TASK
Nothing but the lines below from the one with "Laurence MURON DAVAL" through the one with "The front office/living" should be output, each exactly as given, and no pictures.

RECORDED DATA
BEGIN

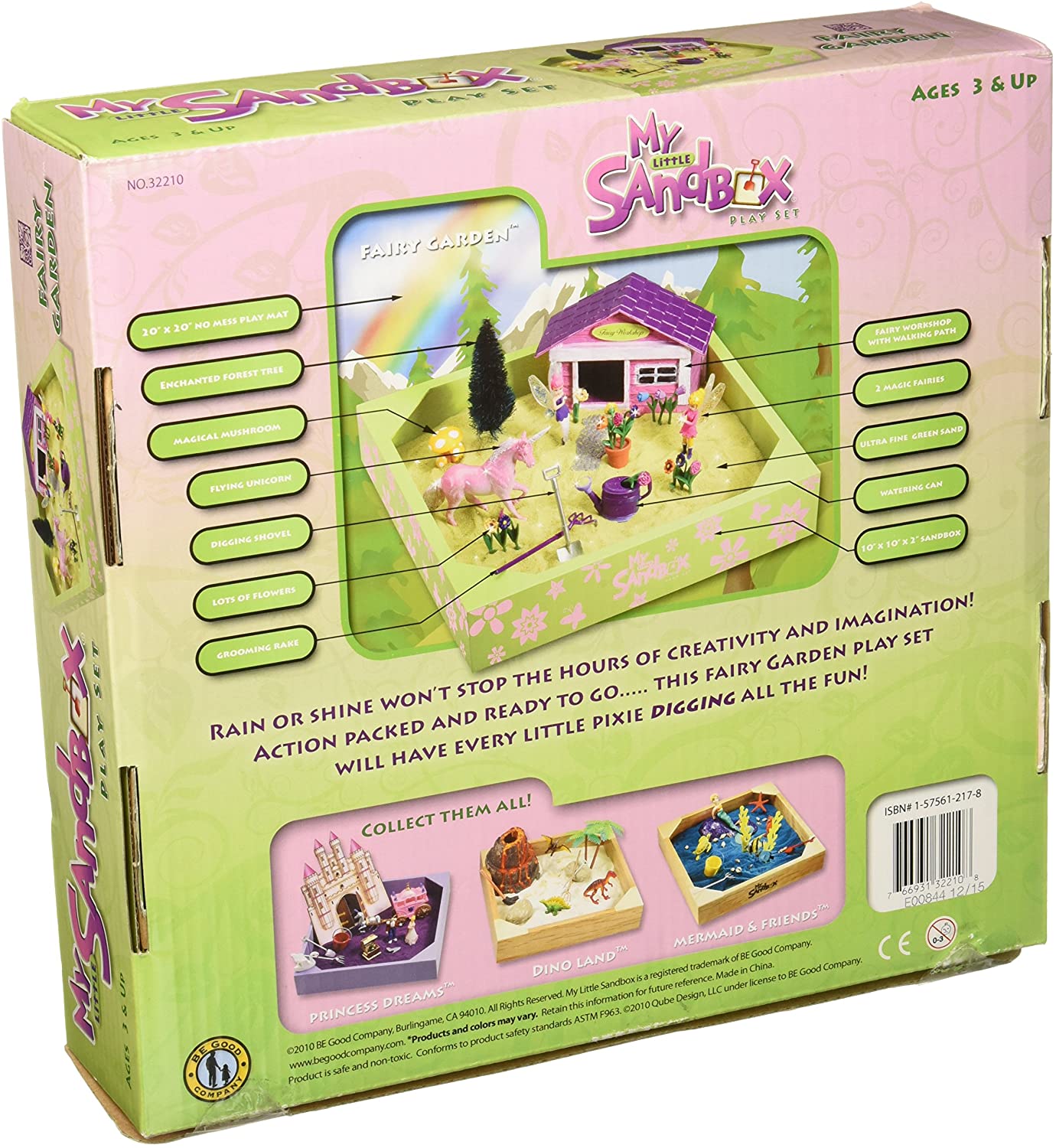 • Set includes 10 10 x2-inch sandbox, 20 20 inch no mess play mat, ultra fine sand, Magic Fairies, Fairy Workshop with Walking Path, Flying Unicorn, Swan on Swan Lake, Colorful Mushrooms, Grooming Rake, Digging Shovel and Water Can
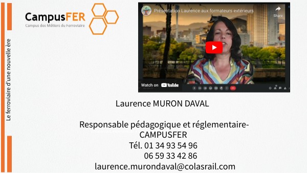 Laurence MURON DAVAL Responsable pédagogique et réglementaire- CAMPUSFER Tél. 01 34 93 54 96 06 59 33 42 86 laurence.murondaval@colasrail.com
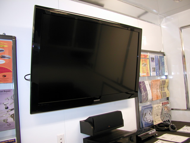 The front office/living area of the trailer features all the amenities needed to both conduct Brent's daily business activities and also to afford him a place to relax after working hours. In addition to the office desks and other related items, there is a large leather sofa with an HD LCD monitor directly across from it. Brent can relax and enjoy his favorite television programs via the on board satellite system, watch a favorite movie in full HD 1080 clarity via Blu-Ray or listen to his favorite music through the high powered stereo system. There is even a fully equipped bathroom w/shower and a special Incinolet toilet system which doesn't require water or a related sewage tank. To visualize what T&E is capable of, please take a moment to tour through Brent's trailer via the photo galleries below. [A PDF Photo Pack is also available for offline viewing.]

END
BEGIN

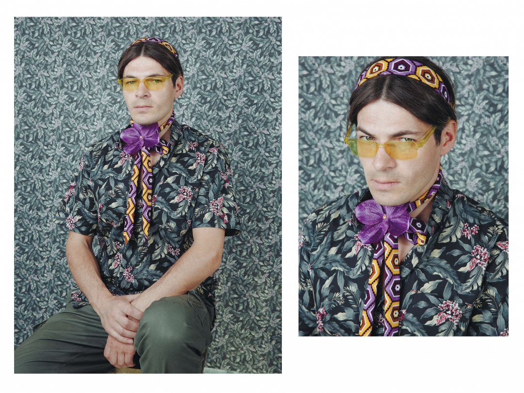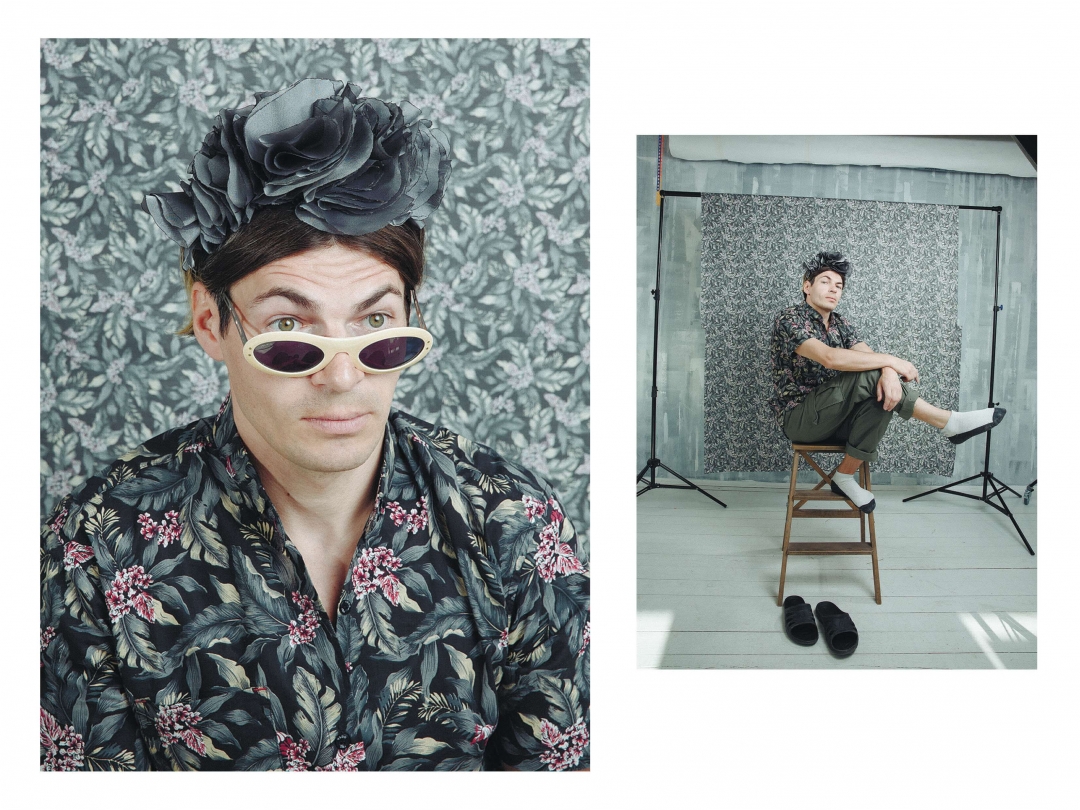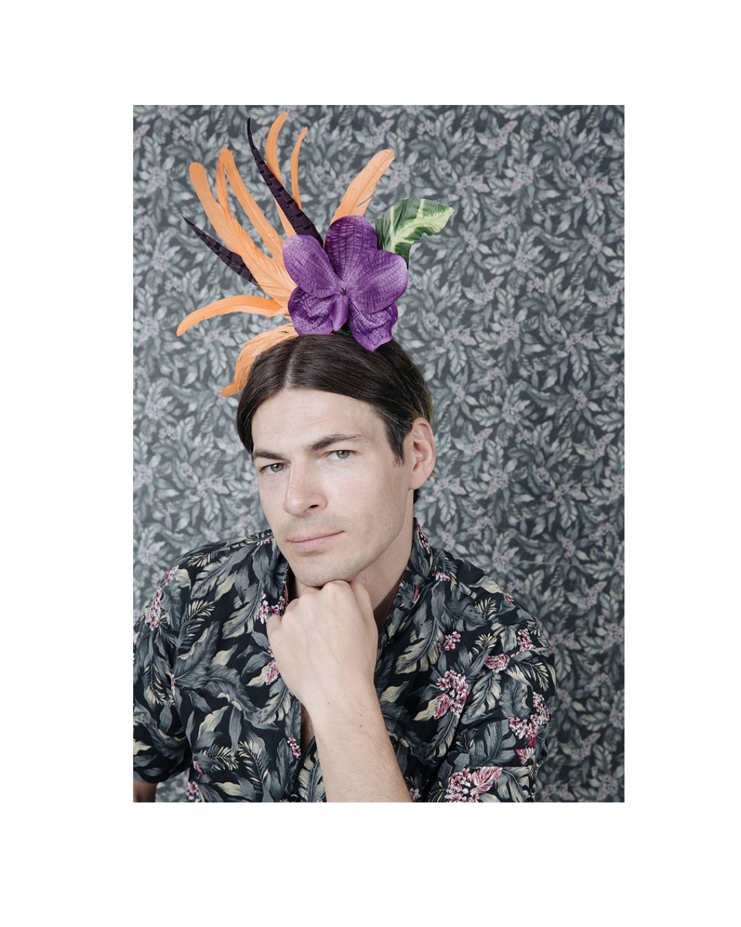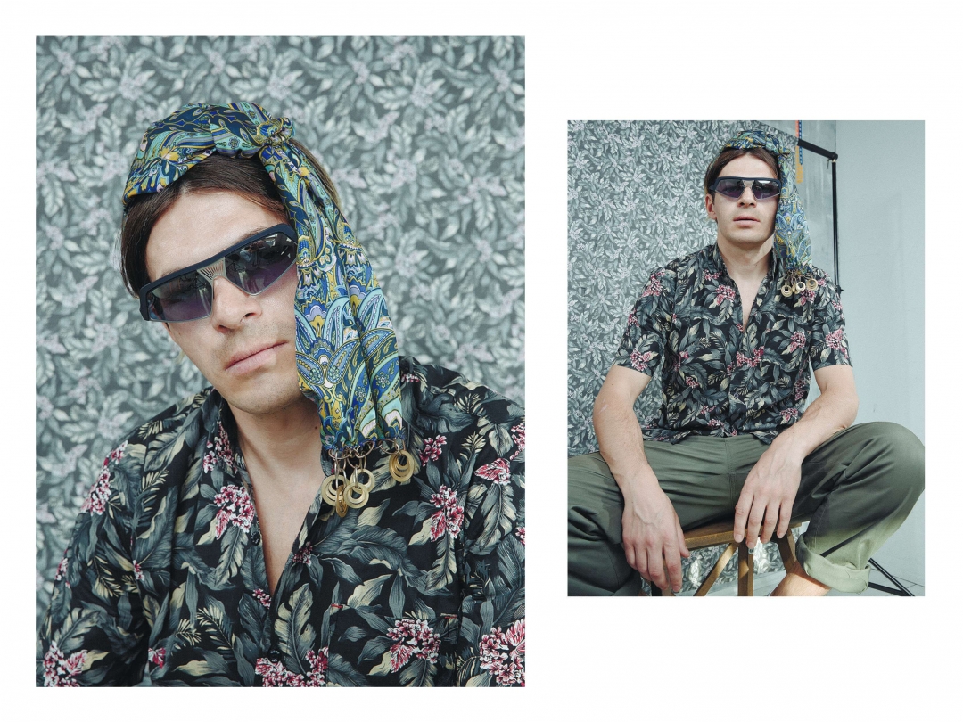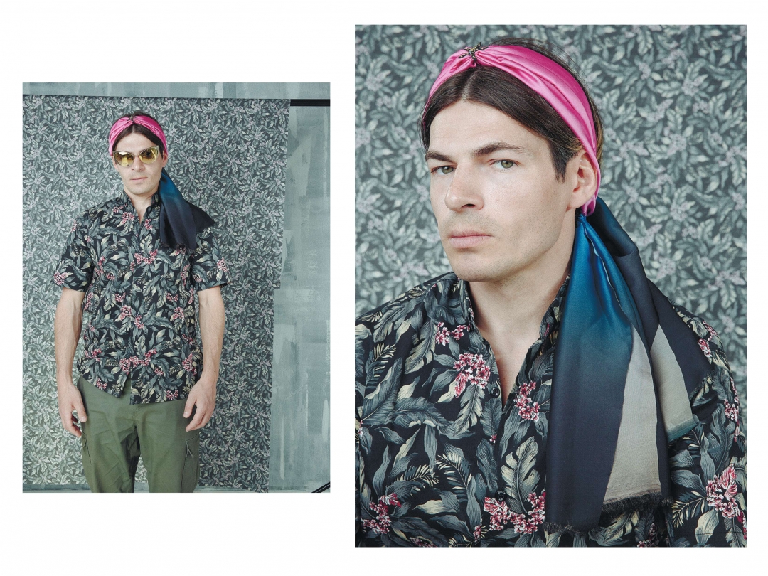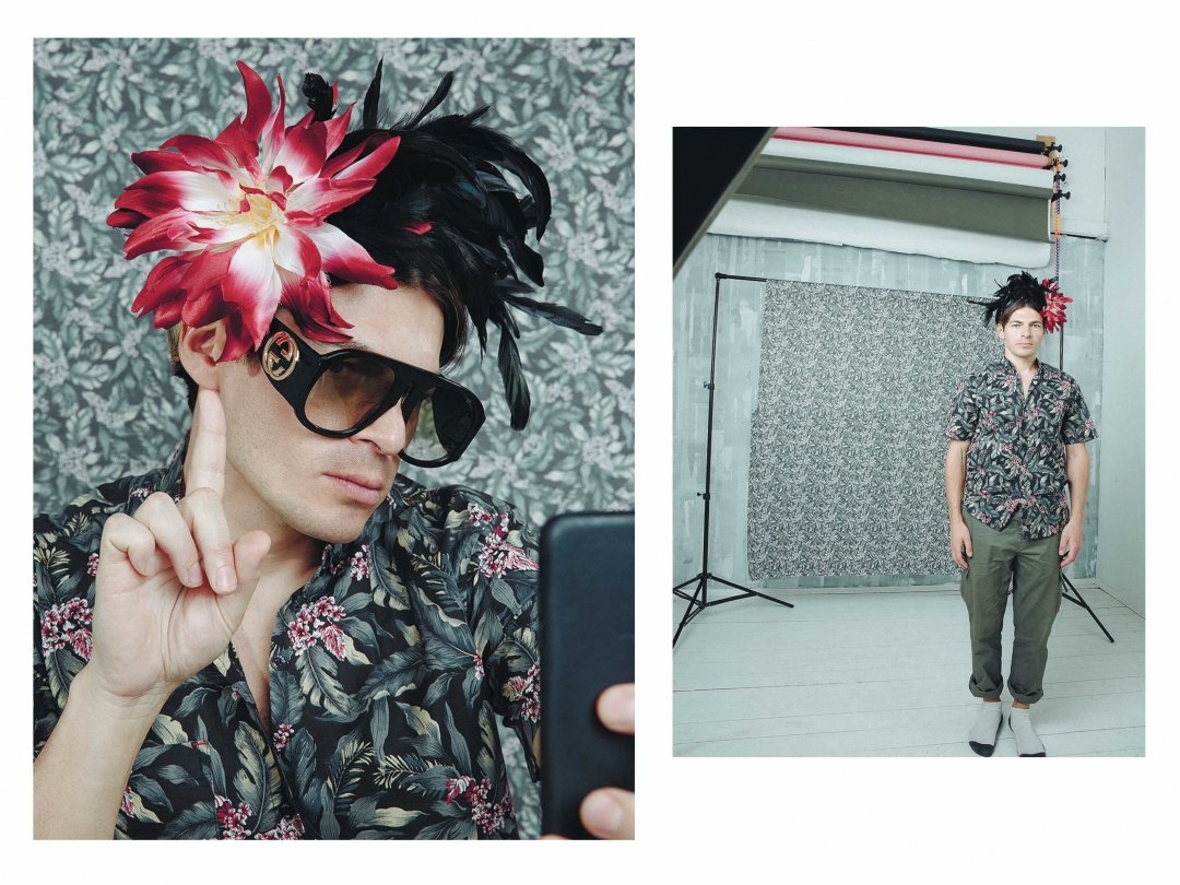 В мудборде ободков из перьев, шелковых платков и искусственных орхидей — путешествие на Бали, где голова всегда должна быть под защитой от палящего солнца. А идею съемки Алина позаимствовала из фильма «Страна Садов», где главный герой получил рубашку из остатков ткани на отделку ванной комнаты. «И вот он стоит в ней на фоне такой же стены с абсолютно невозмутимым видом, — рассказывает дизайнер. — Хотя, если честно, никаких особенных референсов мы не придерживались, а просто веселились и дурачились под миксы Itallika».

END
BEGIN

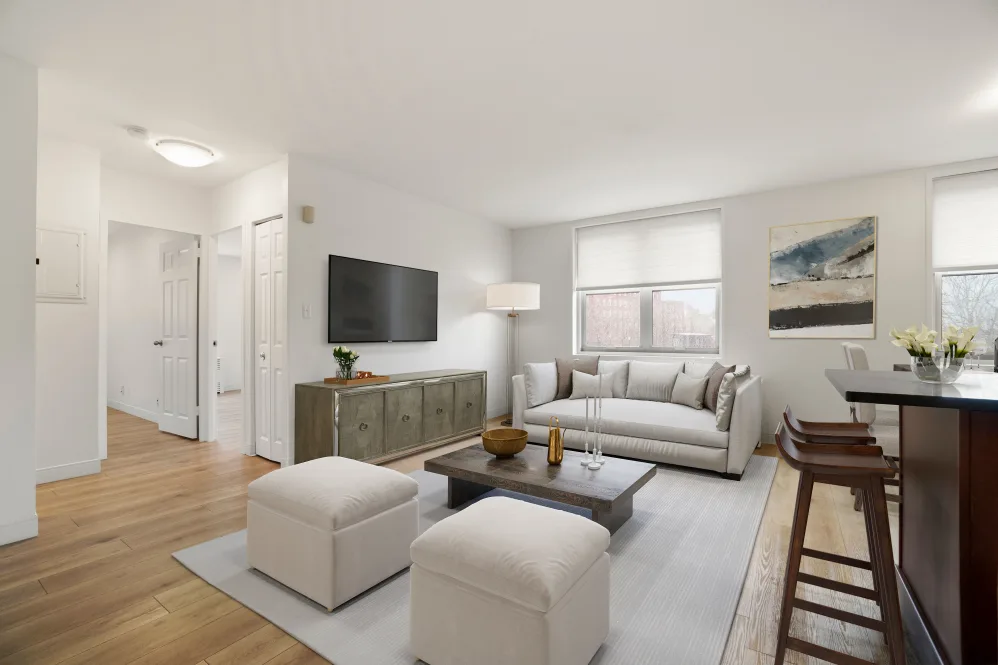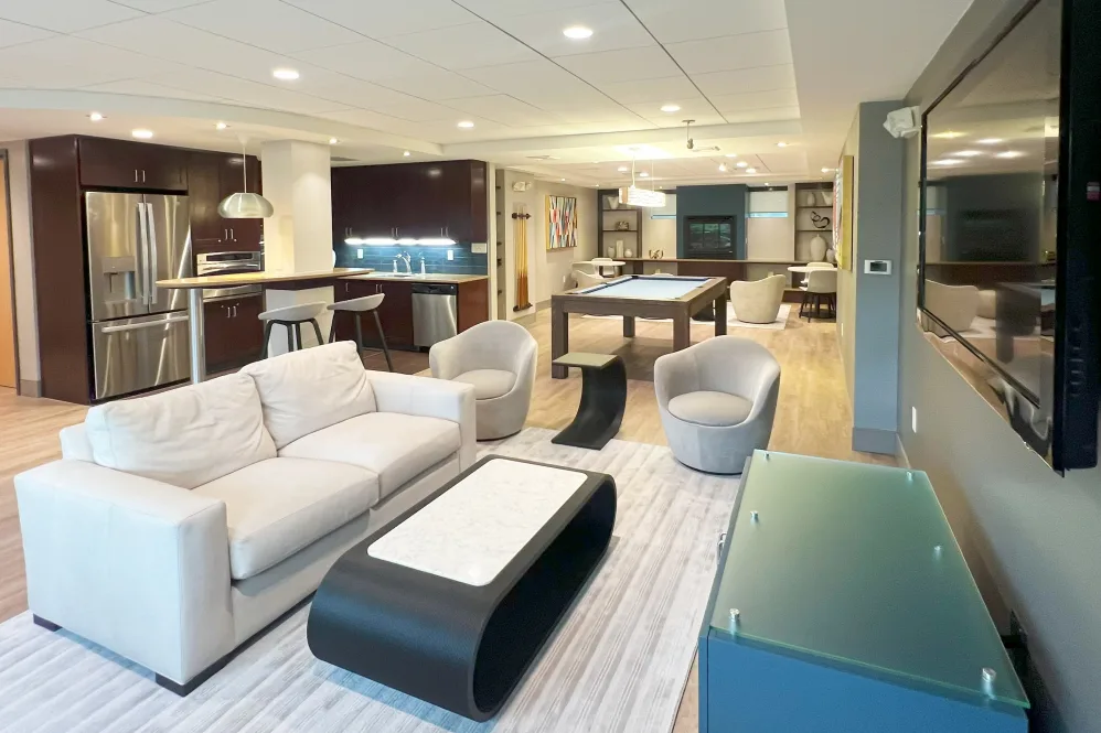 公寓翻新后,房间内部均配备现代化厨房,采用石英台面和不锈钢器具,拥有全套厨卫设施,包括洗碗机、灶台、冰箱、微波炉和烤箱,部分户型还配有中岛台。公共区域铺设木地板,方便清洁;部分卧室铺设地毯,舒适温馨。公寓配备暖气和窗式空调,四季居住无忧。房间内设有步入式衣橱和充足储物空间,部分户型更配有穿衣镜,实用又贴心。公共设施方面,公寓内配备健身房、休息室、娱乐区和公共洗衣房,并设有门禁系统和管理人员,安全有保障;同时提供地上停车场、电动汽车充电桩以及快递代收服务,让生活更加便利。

END

SOLUTION TO THIS TASK
 Laurence MURON DAVAL Responsable pédagogique et réglementaire- CAMPUSFER Tél. 01 34 93 54 96 06 59 33 42 86 laurence.murondaval@colasrail.com
 The front office/living area of the trailer features all the amenities needed to both conduct Brent's daily business activities and also to afford him a place to relax after working hours. In addition to the office desks and other related items, there is a large leather sofa with an HD LCD monitor directly across from it. Brent can relax and enjoy his favorite television programs via the on board satellite system, watch a favorite movie in full HD 1080 clarity via Blu-Ray or listen to his favorite music through the high powered stereo system. There is even a fully equipped bathroom w/shower and a special Incinolet toilet system which doesn't require water or a related sewage tank. To visualize what T&E is capable of, please take a moment to tour through Brent's trailer via the photo galleries below. [A PDF Photo Pack is also available for offline viewing.]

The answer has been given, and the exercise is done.